What to produce
Once you reach the line with "Following the success", copy it and every line after it exactly, up to the end of the data. Omit the pictures.

Task inputs
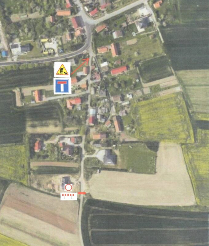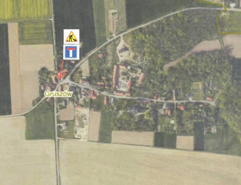 W związku z realizacją inwestycji budowlanej ,,Budowa sieci kanalizacji sanitarnej w miejscowości Śmiałowice” w dniach od 06.08.2025r. do 22.08.20254r., nieprzejezdna będzie droga do działki nr 140 Gruszów – obręb 0014 Śmiałowice oraz od posesji 11D w kierunku posesji Śmiałowice 12.
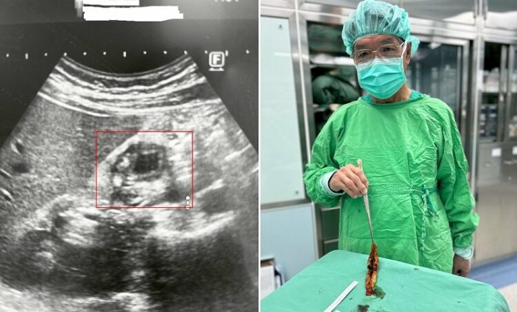圖左:49歲男子因心窩悶痛與右上腹脹痛,五年來四處求醫,近期至博田國際醫院肝膽胰外科看診並接受檢查時,才被發現罹患「膽囊腺肌症」。圖右/博田國際醫院肝膽胰外科李金德教授以單孔腹腔鏡,進行膽囊切除手術。
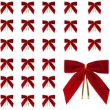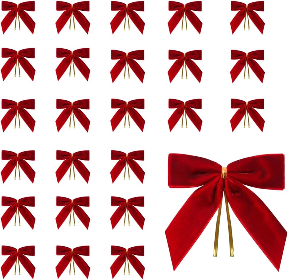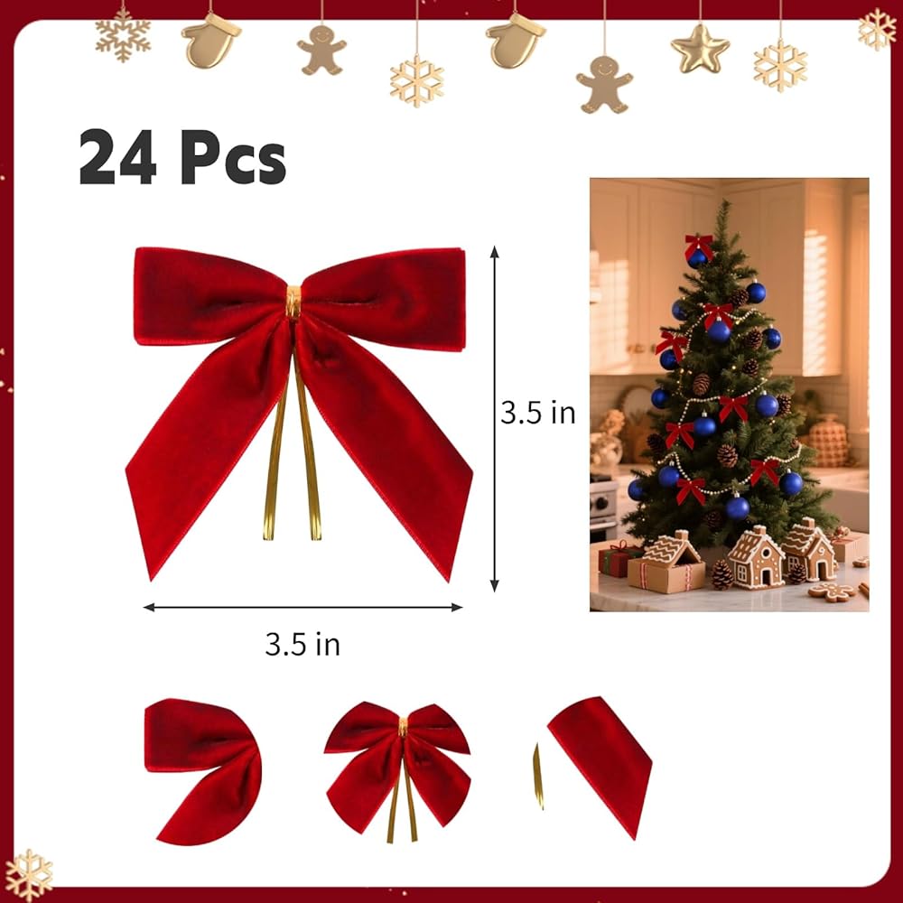 24 قطعة من الأقواس المخملية الحمراء مقاس 3.5 بوصة لشجرة عيد الميلاد مع أربطة ذهبية ملتوية، وأقواس صغيرة مصنوعة مسبقًا للشجرة، وأكاليل الزهور، وتغليف الهدايا، والسلال، وحفلات الزفاف، والاستحمام، والحرف اليدوية للعطلات (أحمر)
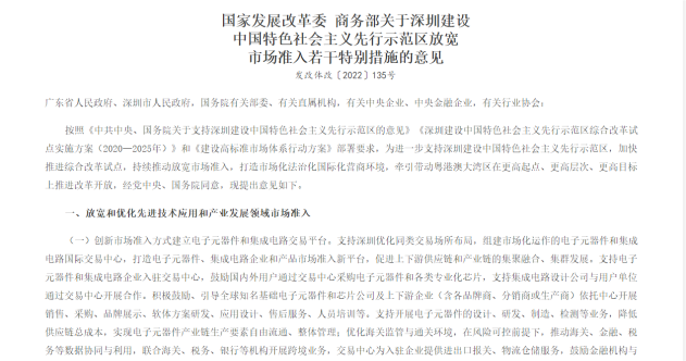 两部委:支持深圳组建市场化运作的电子元器件和集成电路国际交易中心
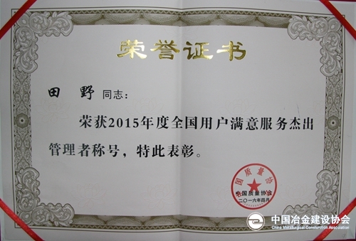 4月26日,2015年度创建“全国用户满意服务之星”推进大会在北京中国科技会堂召开,中国十九冶集团董事长田野获“全国用户满意服务杰出管理者”荣誉称号。
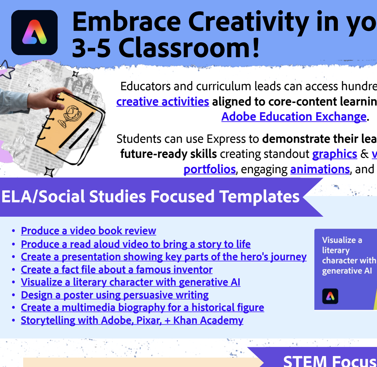 GRADE 3-6 RESOURCES · GRADE 3-6 RESOURCES · GRADE 3-6 RESOURCES · Click on the resources below to discover lesson plans, templates, and creative project ideas you can implement in your grade 3-6 classroom right away! Literacy: Character Design Community/Culture: Classroom Norms Poster Graphic Organizer AI Book Cover Redesign More Grades 3-6 Resources
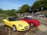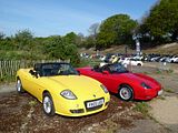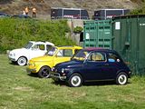 Following the success of the 500 and 600 models, Fiat introduced a slightly larger and more expensive variant, the 850 in 1964. The regular 2 door saloon was soon joined in the range by other models and they are the ones you see more often these days, not that they are exactly common now. The 850 Coupe, early and later versions of which were to be seen here was seen for the first time at the 1965 Geneva Show. As was generally the case at the time, the body looked completely different from the saloon on which it was based, but underneath it shared the same mechanicals including the the original 843 cc engine producing 47 hp, which gave it a maximum speed of 84 mph. A Spider model was launched at the same time. In order to separate the sportier variants, equipment levels were raised, with both models getting sport seats, a sport steering wheel and round speedometer; The Spider even received a completely rearranged instrument panel. The front drum brakes were replaced with disc brakes, although drum brakes remained on the rear wheels. In 1968, Fiat revised both the Spider and Coupé and gave them a stronger engine with 903 cc and 52 hp. They were called Sport Spider and Sport Coupé. The Sport Spider body stayed essentially the same, but with a restyled front, whereas the Coupe gained twin headlights at the front and a revised tail with a slight lip on the trailing edge of the engine cover. Despite its popularity, the Coupe was the first model to cease production, being deleted in 1971. Seen here was an late model 850 Coupe and an 850 Spider.
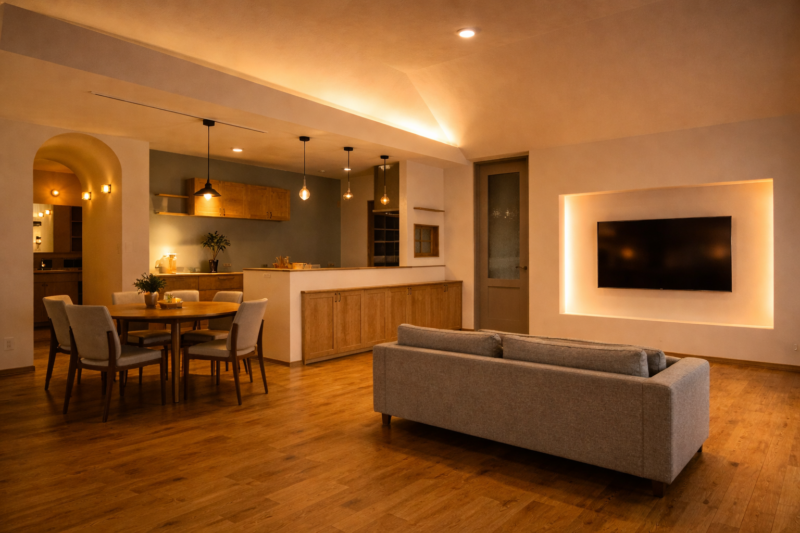 同じ空間でも、灯りが変わるだけで居心地は大きく変わります。夜に落ち着ける居場所は、偶然ではなく設計によって生まれるのか。その考え方を、実例とともにご紹介します。 -
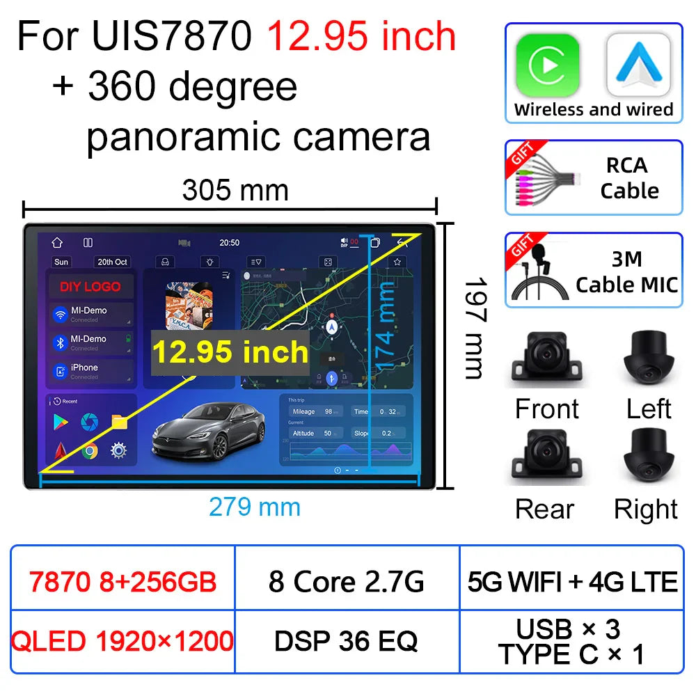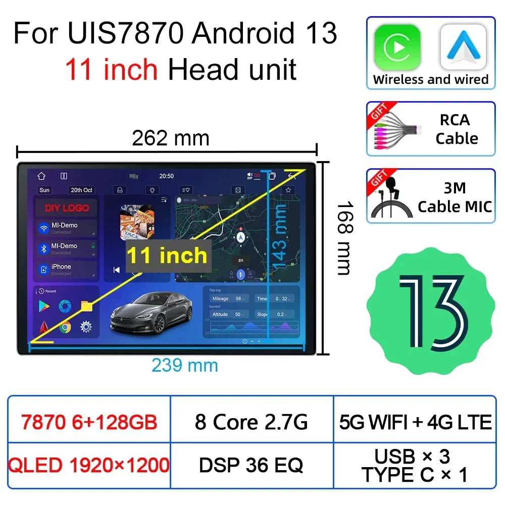 Upgradation UIS 7870 Android 11 13 inch Car Multimedia AI Voice mp5 Palyer gps navigation Carplay Auto Stereo Radio Head Unit

Answer box
 Following the success of the 500 and 600 models, Fiat introduced a slightly larger and more expensive variant, the 850 in 1964. The regular 2 door saloon was soon joined in the range by other models and they are the ones you see more often these days, not that they are exactly common now. The 850 Coupe, early and later versions of which were to be seen here was seen for the first time at the 1965 Geneva Show. As was generally the case at the time, the body looked completely different from the saloon on which it was based, but underneath it shared the same mechanicals including the the original 843 cc engine producing 47 hp, which gave it a maximum speed of 84 mph. A Spider model was launched at the same time. In order to separate the sportier variants, equipment levels were raised, with both models getting sport seats, a sport steering wheel and round speedometer; The Spider even received a completely rearranged instrument panel. The front drum brakes were replaced with disc brakes, although drum brakes remained on the rear wheels. In 1968, Fiat revised both the Spider and Coupé and gave them a stronger engine with 903 cc and 52 hp. They were called Sport Spider and Sport Coupé. The Sport Spider body stayed essentially the same, but with a restyled front, whereas the Coupe gained twin headlights at the front and a revised tail with a slight lip on the trailing edge of the engine cover. Despite its popularity, the Coupe was the first model to cease production, being deleted in 1971. Seen here was an late model 850 Coupe and an 850 Spider.
 同じ空間でも、灯りが変わるだけで居心地は大きく変わります。夜に落ち着ける居場所は、偶然ではなく設計によって生まれるのか。その考え方を、実例とともにご紹介します。 -
 Upgradation UIS 7870 Android 11 13 inch Car Multimedia AI Voice mp5 Palyer gps navigation Carplay Auto Stereo Radio Head Unit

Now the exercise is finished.